The time series of (a) COARE3.0-adjusted 10-m neutral buoy wind speeds (U10n) during 2009, (b) difference between U10n and 4-m buoy wind speeds, and (c) difference between simple log-adjusted with a constant roughness length (U10 log) and U10n.

Fig. 7.

The time series of (a) COARE3.0-adjusted 10-m neutral buoy wind speeds (U10n) during 2009, (b) difference between U10n and 4-m buoy wind speeds, and (c) difference between simple log-adjusted with a constant roughness length (U10 log) and U10n.

4. Results

The evaluation of various wind products is carried out using commonly employed statistical metrics defined by World Meteorological Organization (WMO) for weather and climate model evaluations (WMO 1999; Phillips et al. 2004).
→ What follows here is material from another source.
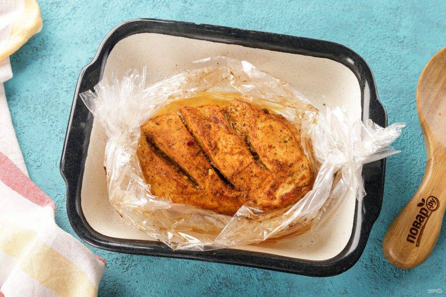 Затем поместите филе в рукав для запекания. Завяжите концы, а рукав проткните ножом, для выхода пара.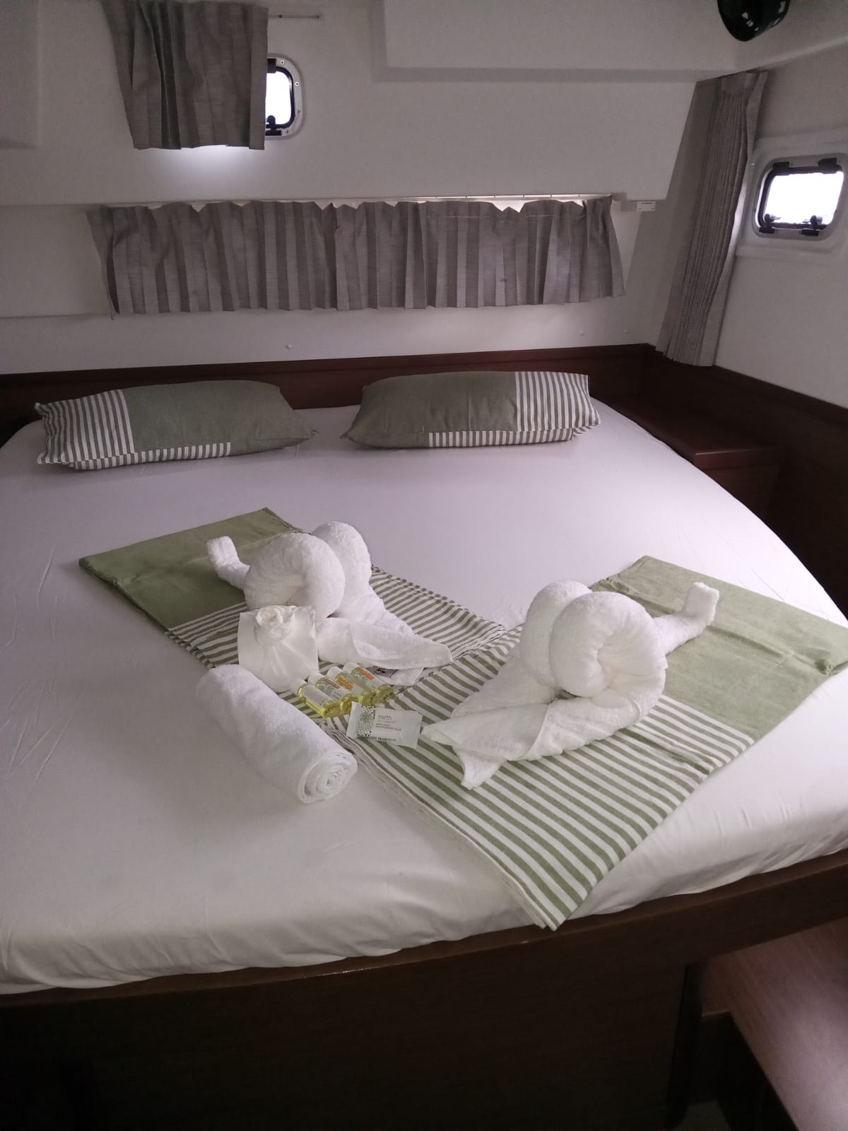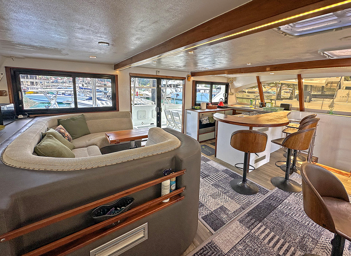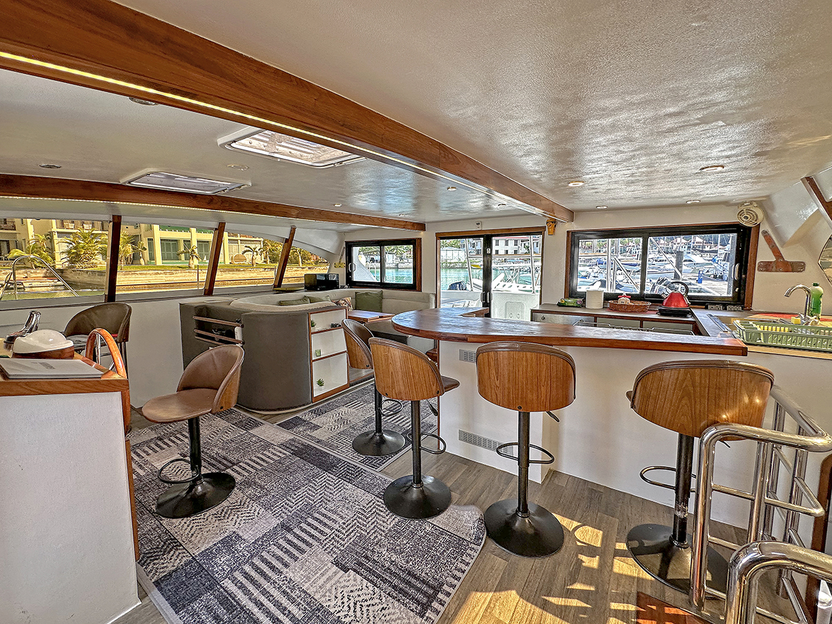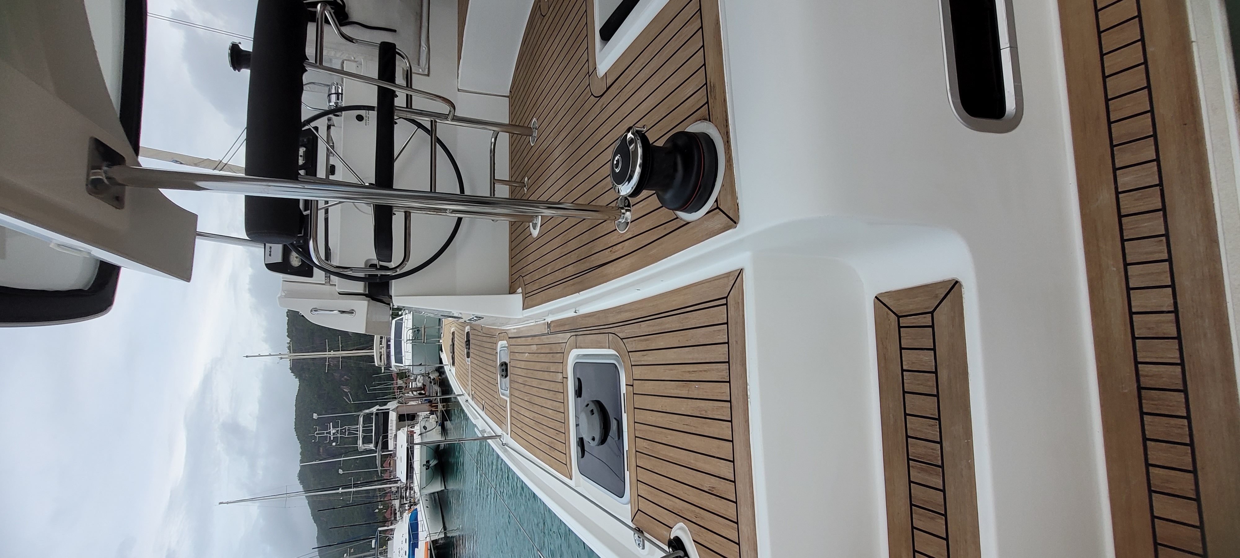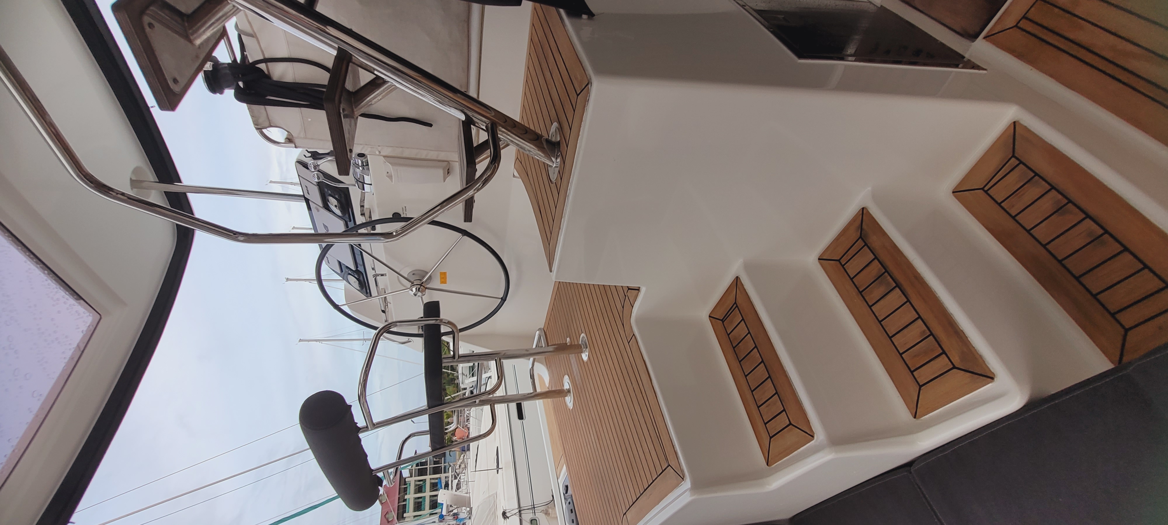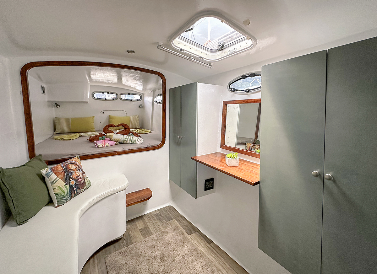 Accommodating up to 10 guests in 4 double cabins, 2 forward skipper cabins, and an extra convertible double bed in the saloon, the DH550 offers generous space for everyone on board. She features two helm stations for easy navigation and was upgraded in 2025 with an additional outside helm station, where up to five people can enjoy the stunning views while sailing.

These metrics include the mean, bias, standard deviation, root-mean-square (RMS) errors, and cross-correlation coefficients, using the OS winds as our reference time series.

a. Global spatial distribution of means and standard deviations

Before we show the statistical analysis results with point measurements, it is beneficial to provide large-scale patterns for the five products considered in this paper and differences among them. The 2009 mean and standard deviation of the zonal and meridional CFSR winds are displayed in the top panels in Figs. 8a and 8b, respectively. Global distributions of both 2009 means and their standard deviations are remarkably similar for all five wind products with largely westward mean equatorial winds. Therefore, distributions of differences between the CFSR winds and the other four products are shown in the bottom four panels of Figs. 8a and 8b, instead. The high mean bias tends to be located near landmasses, more so in the polar regions (both Arctic and Antarctic). The standard deviations are relatively small in the tropical regions as expected. The noticeable difference in standard deviation occurs, again, near landmasses, more so in the polar regions as well, particularly for the blended winds (Figs. 8a and 8b, bottom panels). This is likely to be associated with some artifacts of satellite measurements or retrieving algorithms in dealing with ice. The 11 stations examined in this paper are located within extratropics and in the open ocean away from the coastal regions, thus avoiding the potential near-land-region artifacts. Overall and when referenced to the CFSR winds, the model-based products are close to each other and tend to underestimate the temporal variability, while the blended satellite winds exhibit high variability.

Fig. 8.

(a) (top) Global spatial distribution of the mean and standard deviation of the 2009 CFSR zonal winds and the difference between the mean and standard deviation of the CFSR winds and that of the (top middle) DWD, (middle) ECMWF, (bottom middle) JMA, and (bottom) blended winds. (b) As in (a), but for the 2009 meridional winds.

Fig. 8.

(a) (top) Global spatial distribution of the mean and standard deviation of the 2009 CFSR zonal winds and the difference between the mean and standard deviation of the CFSR winds and that of the (top middle) DWD, (middle) ECMWF, (bottom middle) JMA, and (bottom) blended winds. (b) As in (a), but for the 2009 meridional winds.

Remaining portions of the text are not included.